- Šent Lovrenc Location in Slovenia
- Coordinates: 46°1′52″N 15°04′26″E﻿ / ﻿46.03111°N 15.07389°E
- Country: Slovenia
- Traditional region: Lower Carniola
- Statistical region: Central Sava
- Municipality: Litija
- Elevation: 654 m (2,146 ft)

= Šent Lovrenc, Litija =

Šent Lovrenc (/sl/ or /sl/, Sankt Lorenz) is a former settlement in the Municipality of Litija in central Slovenia. It is now parts of the villages of Gradišče, Ježevec, Prelesje, and Strmec.

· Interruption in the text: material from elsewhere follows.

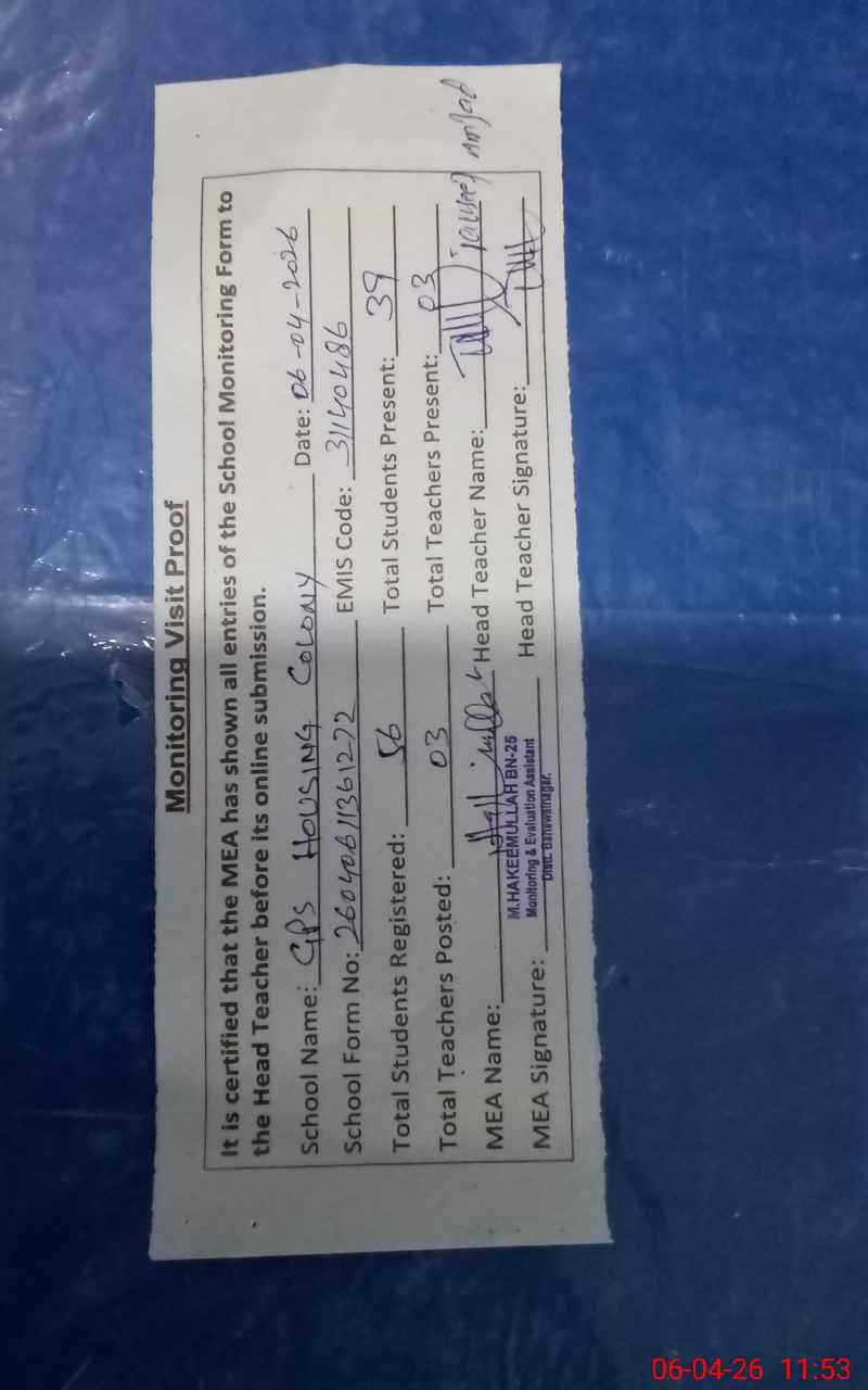 | EMIS Code: 31140486 | Name of School: GPS HOUSING COLONY | |||

The area is part of the traditional region of Lower Carniola and is now included with the rest of the municipality in the Central Sava Statistical Region.

==Geography==
Šent Lovrenc was a large scattered village below the southwestern slope of Jatna Hill (elevation: 851 m), comprising the hamlets of Bobneči Vrh, Briše, Dobje, Gradišče, Javorje, Jelševec, Mlake, Podstrmec, Sedeše, and Strmec.

==Name==
The name Šent Lovrenc is derived from Saint Lawrence's Church, now in the separate village of Prelesje.

==History==
Šent Lovrenc had a population of 341 living in 68 houses in 1900, and 340 living in 53 houses in 1931. In 1953, Šent Lovrenc was divided among what are now the villages of Gradišče, Ježevec, Prelesje, and Strmec, ending its existence as a separate settlement. The elimination of the name Šent Lovrenc was in line with the 1948 Law on Names of Settlements and Designations of Squares, Streets, and Buildings as part of efforts by Slovenia's postwar communist government to remove religious elements from toponyms.